- _What to produce_: The line containing "养鱼网箱鱼苗甲鱼大鱼养殖存鱼漂浮鱼护加密大号折叠鱼笼圆形家用", plus every line that follows it to the end of the listing below, is what you transcribe exactly; omit all pictures.

- _Data for this exercise_:
───

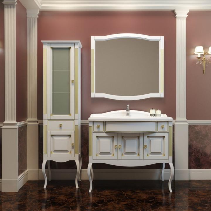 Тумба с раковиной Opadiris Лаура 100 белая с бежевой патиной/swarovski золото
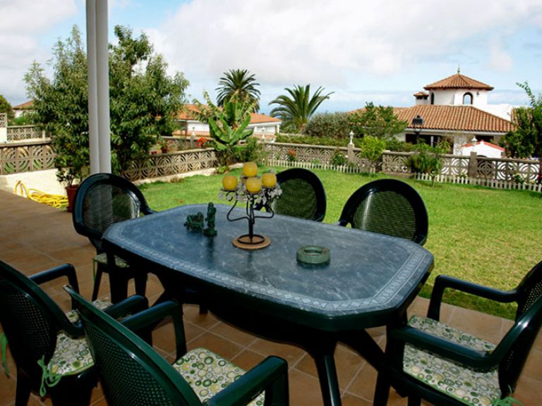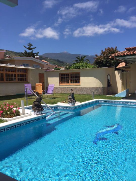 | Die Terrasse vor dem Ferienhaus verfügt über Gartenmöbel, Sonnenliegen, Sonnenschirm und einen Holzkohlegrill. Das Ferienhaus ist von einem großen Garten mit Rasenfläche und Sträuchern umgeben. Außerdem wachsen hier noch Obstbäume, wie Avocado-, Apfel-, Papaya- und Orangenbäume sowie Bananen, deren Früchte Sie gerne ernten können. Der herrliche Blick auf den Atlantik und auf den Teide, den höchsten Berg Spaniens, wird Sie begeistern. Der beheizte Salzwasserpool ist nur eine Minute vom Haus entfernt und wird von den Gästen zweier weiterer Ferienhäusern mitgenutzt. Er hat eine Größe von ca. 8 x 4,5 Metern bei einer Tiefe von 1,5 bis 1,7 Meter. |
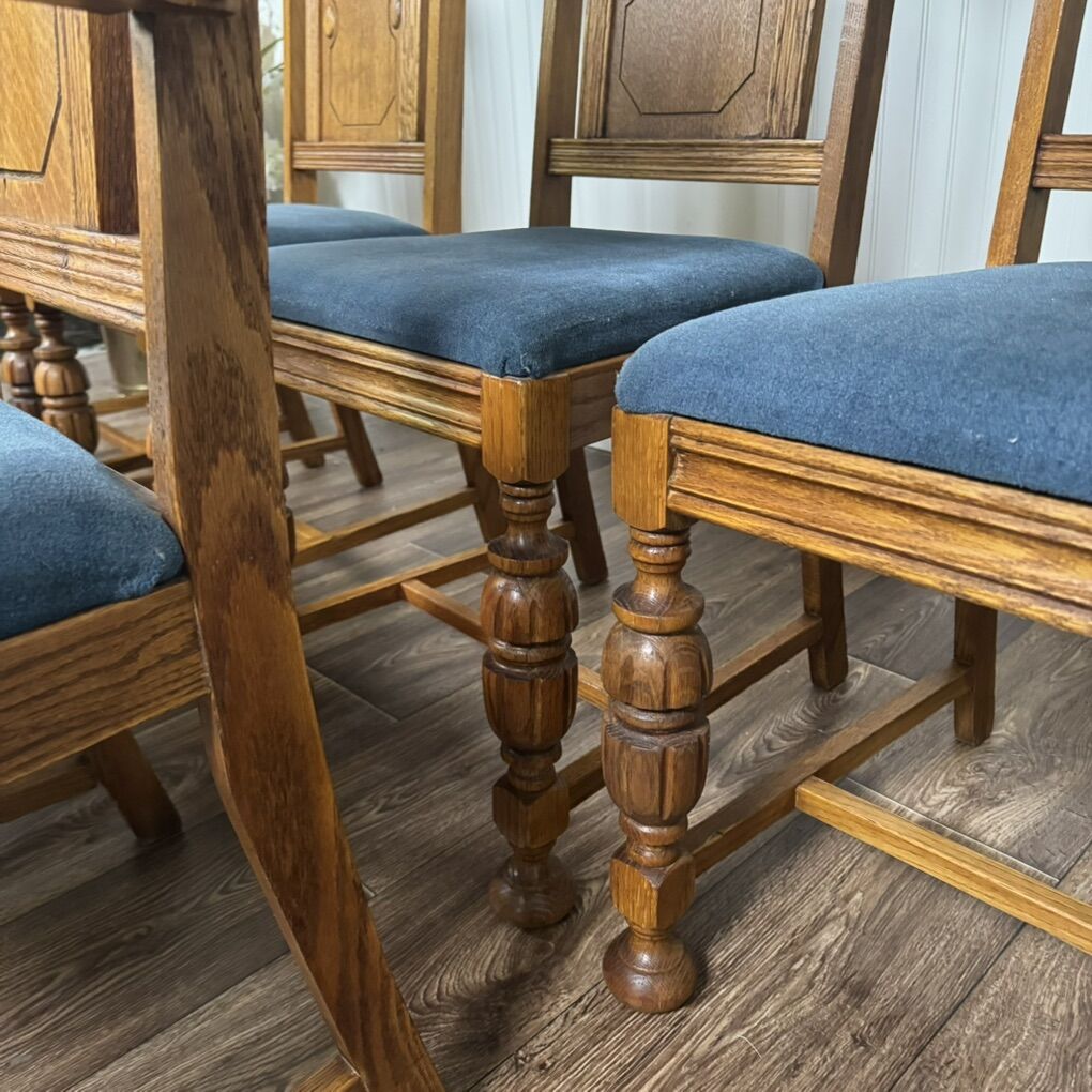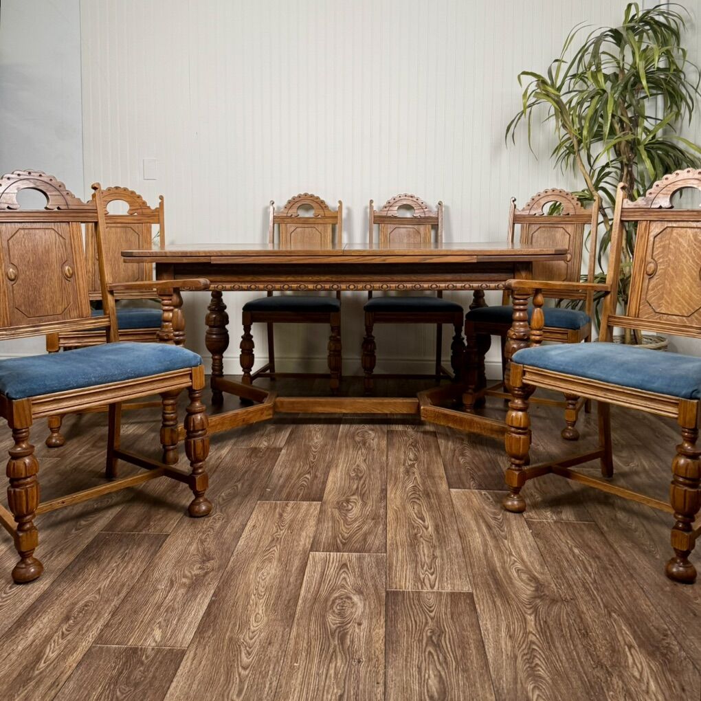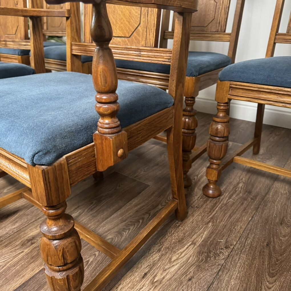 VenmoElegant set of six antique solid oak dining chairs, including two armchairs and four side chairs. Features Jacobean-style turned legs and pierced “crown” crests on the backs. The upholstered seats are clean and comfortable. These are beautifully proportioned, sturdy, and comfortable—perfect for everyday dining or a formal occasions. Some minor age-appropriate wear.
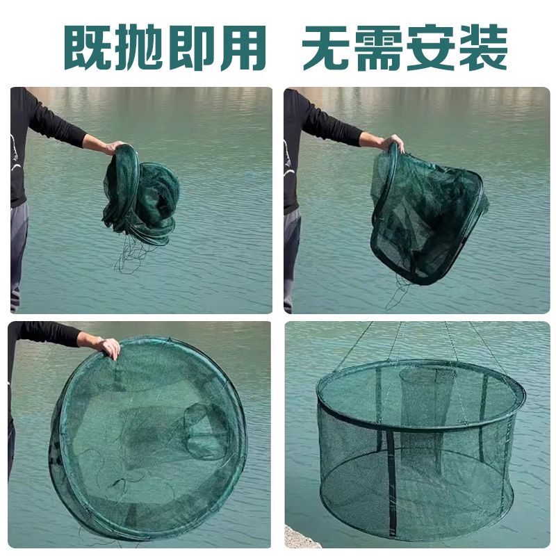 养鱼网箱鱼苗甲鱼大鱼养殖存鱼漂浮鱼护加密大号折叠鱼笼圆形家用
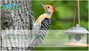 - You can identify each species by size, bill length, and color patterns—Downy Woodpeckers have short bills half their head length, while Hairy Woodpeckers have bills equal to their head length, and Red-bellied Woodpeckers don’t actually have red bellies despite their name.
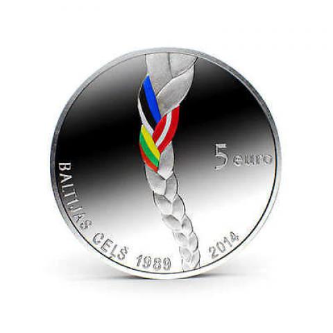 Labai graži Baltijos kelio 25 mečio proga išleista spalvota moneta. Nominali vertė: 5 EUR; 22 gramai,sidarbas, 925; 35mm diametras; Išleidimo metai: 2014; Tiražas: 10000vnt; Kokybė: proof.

───

- _Response box_:
 养鱼网箱鱼苗甲鱼大鱼养殖存鱼漂浮鱼护加密大号折叠鱼笼圆形家用
 - You can identify each species by size, bill length, and color patterns—Downy Woodpeckers have short bills half their head length, while Hairy Woodpeckers have bills equal to their head length, and Red-bellied Woodpeckers don’t actually have red bellies despite their name.
 Labai graži Baltijos kelio 25 mečio proga išleista spalvota moneta. Nominali vertė: 5 EUR; 22 gramai,sidarbas, 925; 35mm diametras; Išleidimo metai: 2014; Tiražas: 10000vnt; Kokybė: proof.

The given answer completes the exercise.